Первый день завершился удивительно спокойно. В монастыре Силуан сразу куда-то исчез, «странноприимный дом» – пристройку к кельям, показал нам Пахомий. Ничего так комнатка – квадратов на двенадцать. Неказистая печка с полатями, на которых по летнему времени были навалены для просушки снопы каких-то трав, распространяющих запах сеновала. Самодельный стол, две широкие лавки, на которых, видимо, нам предстояло почивать, ведро для воды, ведро для надобностей. Это была вся обстановка.
Сашка сразу скинул свои пожитки на стол и молча скорчился на лавке лицом к стене. Помочь я ему не мог, потому поставил рюкзак в угол и вышел на улицу. Вечерело. С озера дул сыроватый ветерок, наполненный запахом водорослей и рыбы. Огромные мохнатые сопки словно бы сжимались вокруг пади, угрожающе нависали над озером и монастырём. Красный диск солнца должен был вот-вот кануть за верхушку самой большой горы. Тогда наступит сумрак. Я поёжился. Не хотелось бы мне жить здесь год от года, да ещё в одиночестве. Не то чтобы страшно – как-то слишком величественно, не для человека…

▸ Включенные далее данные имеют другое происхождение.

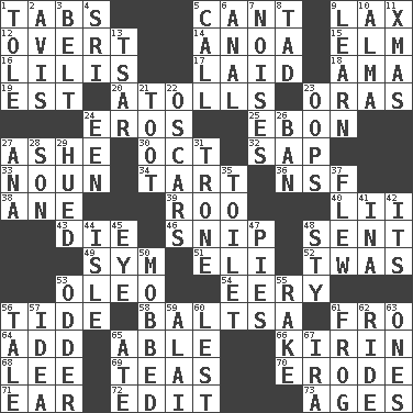 ACROSS 1. Bar bills 5. Patter 9. Not strict 12. Unconcealed 14. Small Philippine buffalo 15. Shade tree 16. Ms. Damita and namesakes 17. Put down 18. Wet nurse (var.) 19. Eastern Standard Time (abbr.) 20. Ringlike coral islands and reefs 23. Mouths or openings 24. Greek god of love 25. Inky black, to poets 27. American tennis player Robert 30. Sep. follower 32. Plant excrement 33. Part of speech 34. Small pie 36. Science/research agcy. 38. One (Scot) 39. Friend of Pooh 40. Cards in a Roman deck? 43. Expire 46. Clip 48. Transmitted 49. Symbol (abbr.) 51. Connecticut Ivy Leaguer 52. It was, poetically 53. Butter sub 54. Suggestive of the supernatural 56. Periodic rise and fall of the sea level 58. Greek mezzo-soprano Agnes 61. Back 64. Say or write further 65. Competent 66. Japanese brewing company 68. Area sheltered from the wind 69. Afternoon social gatherings 70. Eat (away) 71. Hearing organ 72. Prepare for publication 73. Eras DOWN 1. Lacquered or enameled metalware 2. Advice 3. Waist strap 4. Indian title of respect (Mr.) 5. Give a ring to 6. Of or related to the anus 7. Annoying sounds 8. Small amount or degree 9. Acquire or gain knowledge or skills 10. _ mater 11. Dec. holiday 13. Russian ruler of old 21. A blast of a horn 22. Motion picture awards 23. I made a mistake 24. Car or cant ending 26. Forbid 27. Santa ___, CA 28. Male child 29. Became colored 31. Marketplace scale 35. Bathroom 37. Soared 41. _ tizzy (2 wds.) 42. It is 44. Capri or Wight 45. Sight organ 47. Sliced desserts 48. Filthy place 50. Crowded into 53. More peculiar 55. Libertine 56. Falsehood 57. The content of cognition 59. Jai ____ 60. For fear that 61. Tree-dwelling hopper 62. Travel on or in a vehicle 63. Washington bills 65. Had dinner 67. Lyricist Gershwin

В быстро спускающейся тьме вдруг надтреснуто зазвонил колокол. Я пошёл на звон и оказался у развалин кирпичного храма. Было видно, что его недавно поновляли – часть стен побелена, возведён каркас новой крыши. Рядом лежали штабеля досок, кирпич, мешки с цементом. Я представил, как два монаха ползают по зданию, стараясь привести его в божеский вид, и меня охватила неуместная жалость.
В колокол, висящий на временной деревянной звоннице, усердно бил отец Пахомий. Я молча прошёл мимо него, перекрестился и вступил под ветхие своды.
Отец Силуан служил всенощную, можно сказать, под открытым небом. Конечно, ни Царских врат, ни иконостаса тут ещё не было. Кое-где на стенах висели образа, старинные потемневшие доски соседствовали с бумажными глянцевыми картинками, явно вырезанными из календарей. Голос настоятеля поднимался под своды, открытые вечернему небу, и растворялся в нём. Он служил размеренно и неторопливо, будто перед ним лежала вся вечность. Пение его было уверенным, благозвучным, но каким-то резким. Батюшка предпочитал греческие распевы, и, что меня поразило, часто переходил и на греческий язык. Пахомий подпевал ему, как умел – и за диакона, и за клирос. Я представил, как они служат так дважды в день – год от года, вдвоём, в полуразрушенном храме среди огромных мрачных сопок, и снова невольно поёжился. А ведь раньше старец жил тут один, и греческим распевам внимали только окрестные лисы и рыси.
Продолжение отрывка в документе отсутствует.